While snapshots are the first line of defense in any data protection plan, even VAST’s Indestructible Snapshots (TM applied for, patent application considered, etc.) are vulnerable to events that damage a whole VAST cluster. You must get data out of the data center to protect against fire, flood, earthquake, tornado, hurricane, typhoon, sharknado, or a steam tunnel explosion. The most effective way to get your data safely to another data center is replication. 

VAST systems support multiple replication methods to support users' requirements for data protection, availability, and disaster recovery objectives.  

  • Snap-to-Object – Replicates the data in a folder/bucket to an S3-compatible object store for data protection. 

  • Native VAST Asynchronous replication leverages snapshots to periodically replicate a folder’s changes between VAST clusters.  

  • Native VAST Synchronous replication ensures that all data is safely written to two VAST clusters with an RPO (Recovery Point Objective)

Snap-to-Object

Snap-to-Object extends the data protection provided by VAST snapshots off-site data protection by replicating snapshot data to an S3-compatible object store in another of the customer’s data centers or the public cloud. Users can control the replication frequency down to once every 30 minutes by time of day. The system writes the snapshot data to an S3 bucket in large, compressed, self-describing objects for efficiency. 

Once snapshot data is in the cloud, the snapshot’s contents are available on the source VAST cluster through the read-only /.vastremote/policy/snapshot_time/ folder. All a user has to do to restore a file, or a thousand files, is copy the preserved copy from /.vastremote. It’s simple and safe enough for end-users to perform self-service restores. 

Since the Snap-to-Cloud objects are self-describing, they contain all the metadata any other VAST cluster, including a VAST on Cloud cluster, needs to mount those objects in their own /vastremote folder hierarchy.

Asynchronous “Native” Replication

Snap-to-Object addresses users’ requirements for off-site data protection and long-term retention. The problem is that since Snap-to-Object stores its data in large objects optimized for cloud storage, users must restore their files/objects through the /.vastremote folder to some other location before using their data. As a result, Snap-to-Object provides many of the same benefits as traditional backup/restore solutions with the same extended RTO (Recovery Time Objective) issue since data isn’t available until the restore completes. 
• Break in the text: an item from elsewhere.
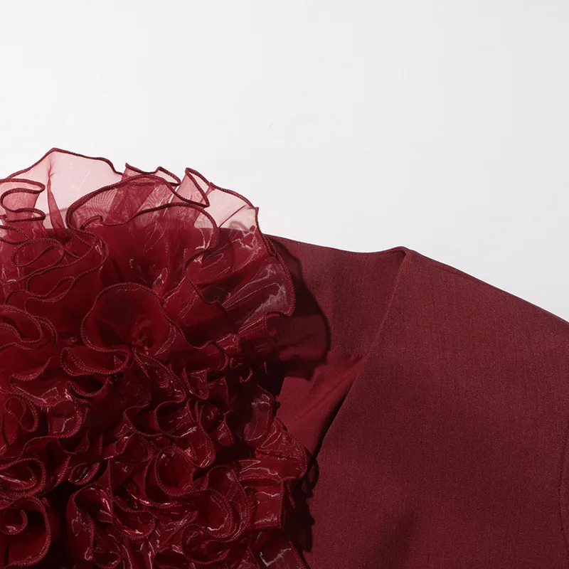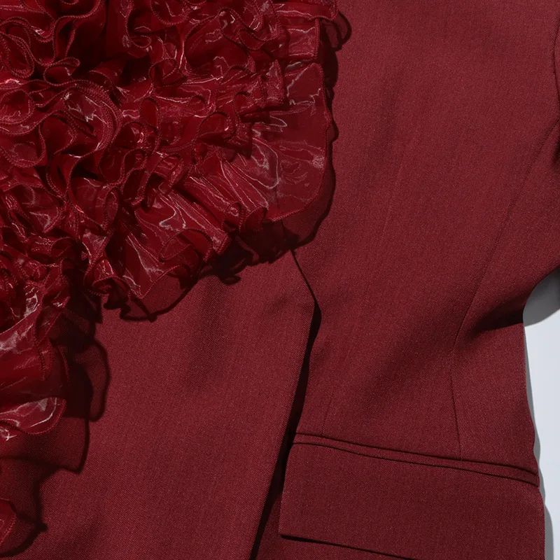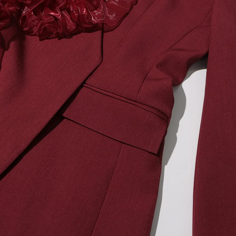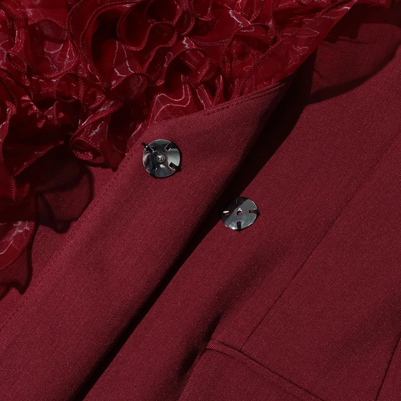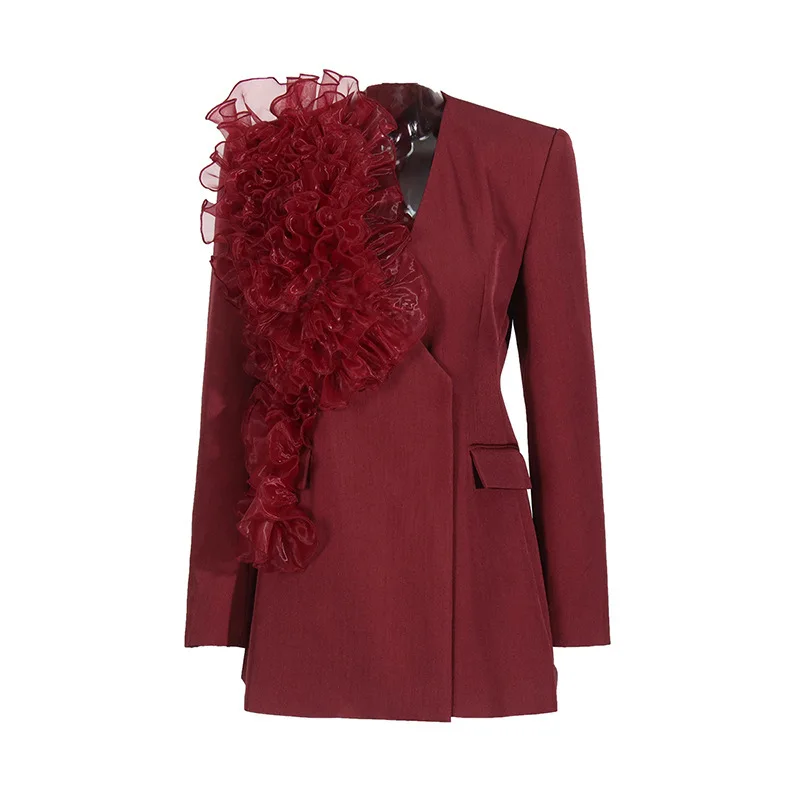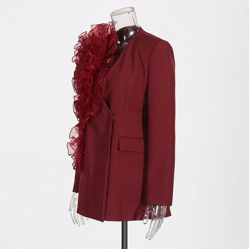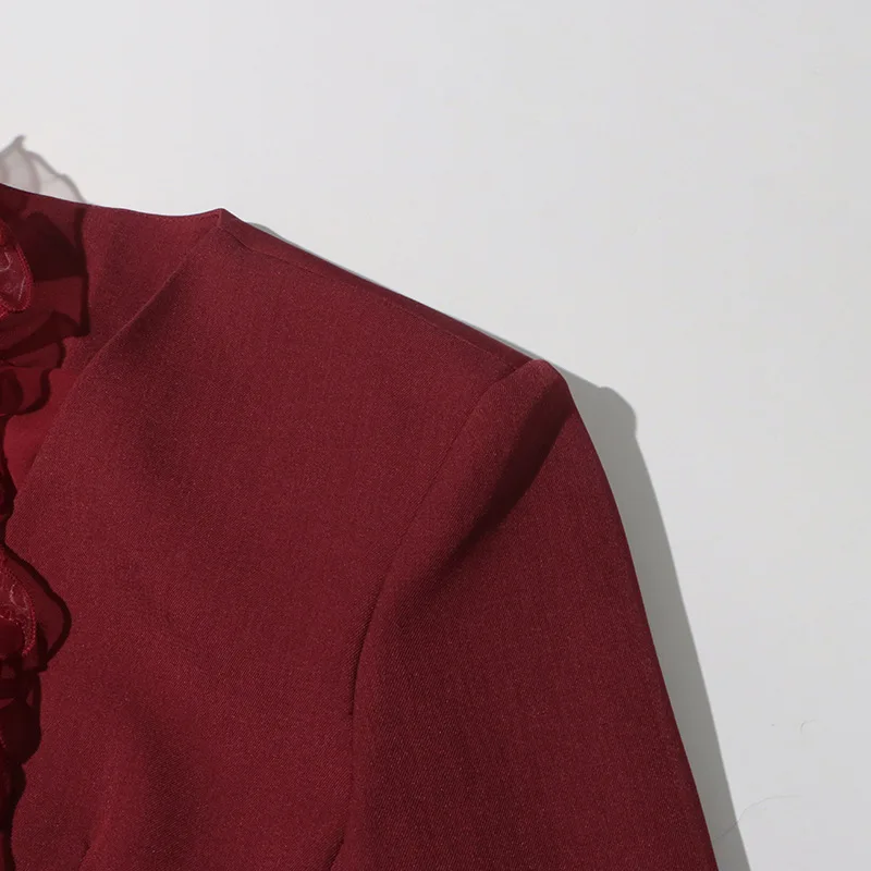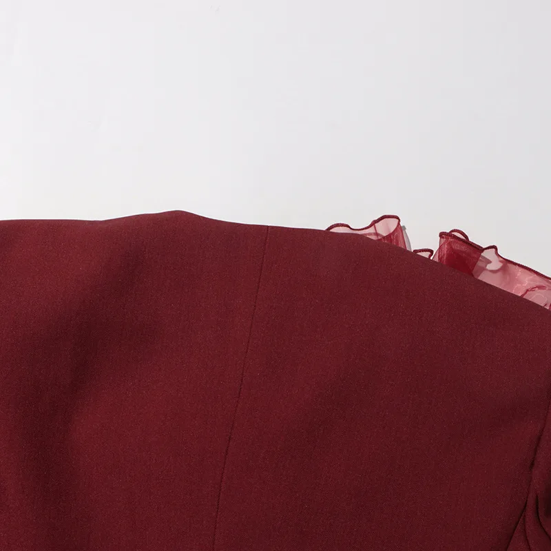 ZOCI Fashion Women’s Blazer Niche Splicing Mesh Design Angola Red Female Coats Retro Office Lady Long Sleeved 2025 Spring New

VAST Native Replication solves this problem by replicating data between multiple VAST clusters and maintaining the native data layout in the VAST DataStore at both ends. Users can access data on target clusters without waiting for data to be restored, minimizing RTO. 

Native replication comes in two variations. Asynchronous replication periodically sends the changes to a protected folder in the VAST Element Store to the target clusters. Asynchronous replication will let you meet RPO (Recovery Point Objectives) of a few minutes. When you can’t afford any data loss at all, synchronous replication ensures your data is written to both target clusters before the write is acknowledged to your client.

Asynchronous Replication

As we saw when we discussed protection policies, asynchronous replication, sometimes also called point-in-time replication, is deeply integrated with the VAST snapshot mechanism. When a VAST admin sets up a replication policy, they define the frequency of snapshots and the retention periods at both the origin and target clusters. Since these snapshots are based on the global snaptime counter, all the folders scheduled for a snapshot at the same time will be captured simultaneously, ensuring consistency without the need for explicit consistency groups. 

Once the protection policy is established, the origin cluster will send the protected path’s data to the target clusters, followed by the changes for each snapshot with remote retention selected. The target directory presents the last replicated state of the source directory, read-only, to prevent data integrity issues. Since the target folder is on an all-flash VAST system, it’s immediately available for analysis. 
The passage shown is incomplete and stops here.